### Supplied data
◆ ◆ ◆ ◆ ◆
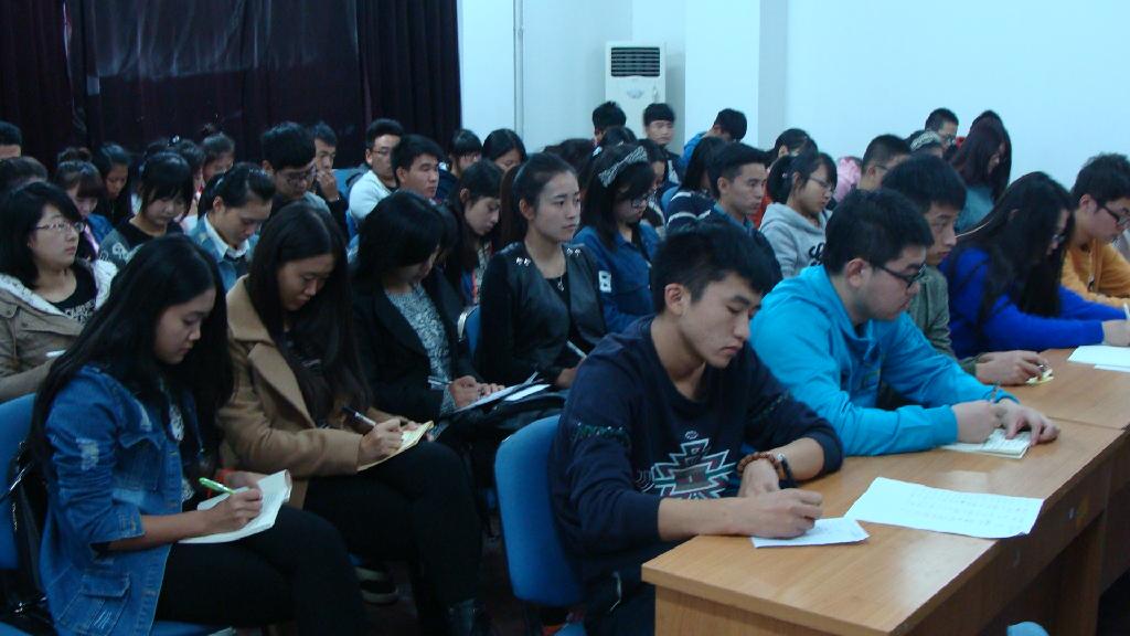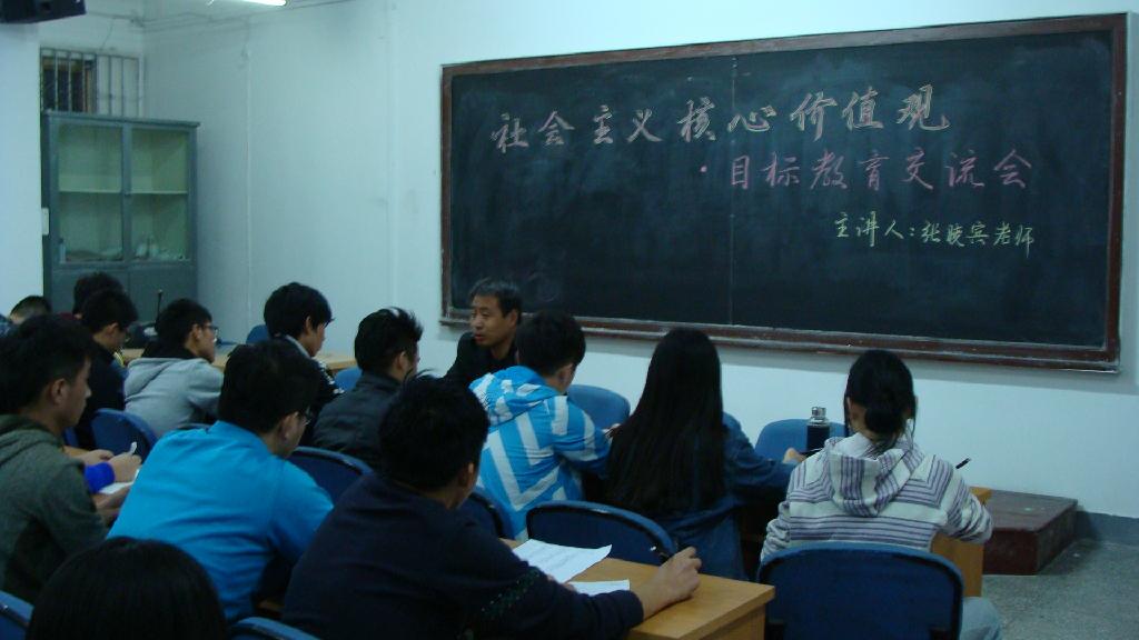 会上,张晓宾老师首先向同学们讲解了社会主义核心价值观的二十四字方针。强调“我们作为学生要用自己的行动去积极践行社会主义核心价值观,做一个合格的学生干部”。同时,张老师就“如何做一名优秀的团学干部”为引言向同学们讲述了团支部的日常工作及各支部应该如何开展具有时代特点的、有意义的活动。最后,张老师对同学们提出四点要求:第一,时刻关注团中央、团省委、校团委和学校网站;第二,关注我国传统文化和古典文化;第三,处理好与同学的关系,与同学们互相交流、互相学习,共同进步;第四,积极参与到党组织的各项工作中,在工作中不断提高自身能力。
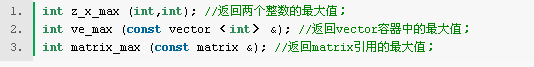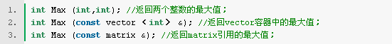 上面的三個函數都可以大概地說成判斷一組數中的最大值,對于函數的用戶來說,他們并不關心函數定義的細節,也就是說他們不關心判斷兩個整數的大小和判斷數組(vector容器)數的大小應該使用不同的函數,而對于程序的設計者來說這可是不得不想到的。程序員必須記住并查找每個函數名。而函數的重載把程序員從這種問題的復雜性中解放了出來,C++提供了這種支持。上面的三個比較大小的函數可以定義成:
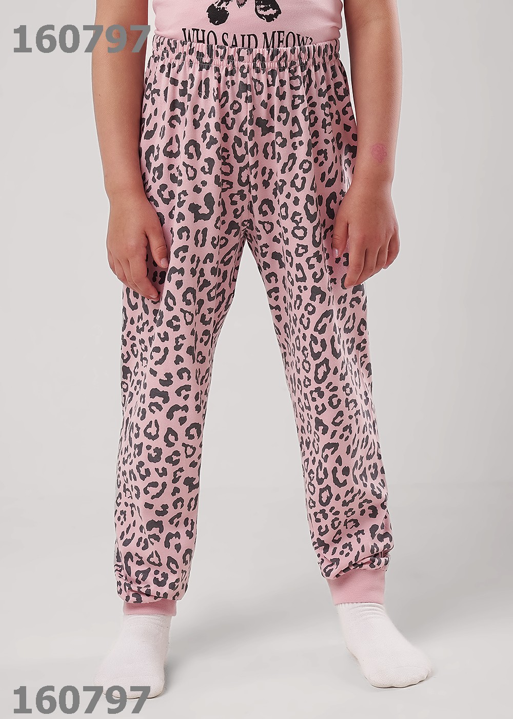 "Описание: Комплект хлопковой пижамы из футболки и брюк. Футболка свободного кроя дополнена эластичной горловиной и милым принтом. Брюки среднего объема, эластичный пояс обеспечит комфорт и идеальную посадку. По низу брюк эластичные манжеты.
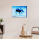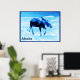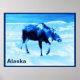 Imagem monocromática (azul) de um alce de vaca a andar na neve. A leitura de texto "Alaska" também é exibida. Moose são residentes em muitas comunidades nortes ao longo do ano. Aqui em Anchorage há cerca de 1500 animais, juntamente com lobos, ursos pardos e outros animais selvagens. Eles são geralmente bem comportados. Muitas vezes atravessam as ruas nas passagens de pedestres, depois de esperarem por um sinal de caminhada.
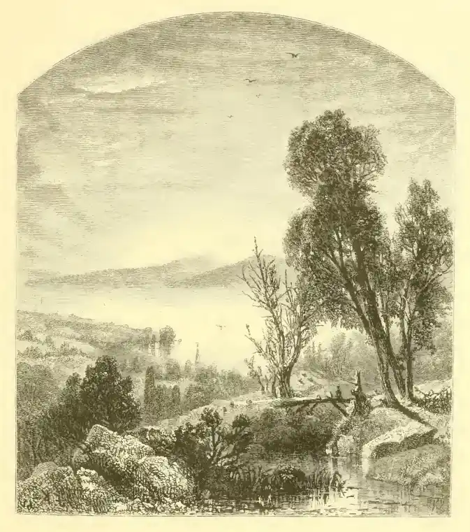 Thus feeding his mind with many sweet thoughts and “sugared suppositions,” he journeyed along the sides of a range of hills which look out upon some of the goodliest scenes of the mighty Hudson. The sun gradually wheeled his broad disk down into the west. The wide bosom of the Tappan Zee lay motionless and glassy, excepting that here and there a gentle undulation waved and prolonged the blue shadow of the distant mountain. A few amber clouds floated in the sky, without a breath of air to move them. The horizon was of a fine golden tint, changing gradually into a pure apple green, and from that into the deep blue of the mid-heaven. A slanting ray lingered on the woody crests of the precipices that overhung some parts of the river, giving greater depth to the dark-gray and purple of their rocky sides. A sloop was loitering in the distance, dropping slowly down with the tide, her sail hanging uselessly against the mast, and as the reflection of the sky gleamed along the still water it seemed as if the vessel was suspended in the air.
◆ ◆ ◆ ◆ ◆
### Work task
The preceding entries should be duplicated word for word; no picture belongs in the copy.

### Response for this exercise
 会上,张晓宾老师首先向同学们讲解了社会主义核心价值观的二十四字方针。强调“我们作为学生要用自己的行动去积极践行社会主义核心价值观,做一个合格的学生干部”。同时,张老师就“如何做一名优秀的团学干部”为引言向同学们讲述了团支部的日常工作及各支部应该如何开展具有时代特点的、有意义的活动。最后,张老师对同学们提出四点要求:第一,时刻关注团中央、团省委、校团委和学校网站;第二,关注我国传统文化和古典文化;第三,处理好与同学的关系,与同学们互相交流、互相学习,共同进步;第四,积极参与到党组织的各项工作中,在工作中不断提高自身能力。
 上面的三個函數都可以大概地說成判斷一組數中的最大值,對于函數的用戶來說,他們并不關心函數定義的細節,也就是說他們不關心判斷兩個整數的大小和判斷數組(vector容器)數的大小應該使用不同的函數,而對于程序的設計者來說這可是不得不想到的。程序員必須記住并查找每個函數名。而函數的重載把程序員從這種問題的復雜性中解放了出來,C++提供了這種支持。上面的三個比較大小的函數可以定義成:
 "Описание: Комплект хлопковой пижамы из футболки и брюк. Футболка свободного кроя дополнена эластичной горловиной и милым принтом. Брюки среднего объема, эластичный пояс обеспечит комфорт и идеальную посадку. По низу брюк эластичные манжеты.
 Imagem monocromática (azul) de um alce de vaca a andar na neve. A leitura de texto "Alaska" também é exibida. Moose são residentes em muitas comunidades nortes ao longo do ano. Aqui em Anchorage há cerca de 1500 animais, juntamente com lobos, ursos pardos e outros animais selvagens. Eles são geralmente bem comportados. Muitas vezes atravessam as ruas nas passagens de pedestres, depois de esperarem por um sinal de caminhada.
 Thus feeding his mind with many sweet thoughts and “sugared suppositions,” he journeyed along the sides of a range of hills which look out upon some of the goodliest scenes of the mighty Hudson. The sun gradually wheeled his broad disk down into the west. The wide bosom of the Tappan Zee lay motionless and glassy, excepting that here and there a gentle undulation waved and prolonged the blue shadow of the distant mountain. A few amber clouds floated in the sky, without a breath of air to move them. The horizon was of a fine golden tint, changing gradually into a pure apple green, and from that into the deep blue of the mid-heaven. A slanting ray lingered on the woody crests of the precipices that overhung some parts of the river, giving greater depth to the dark-gray and purple of their rocky sides. A sloop was loitering in the distance, dropping slowly down with the tide, her sail hanging uselessly against the mast, and as the reflection of the sky gleamed along the still water it seemed as if the vessel was suspended in the air.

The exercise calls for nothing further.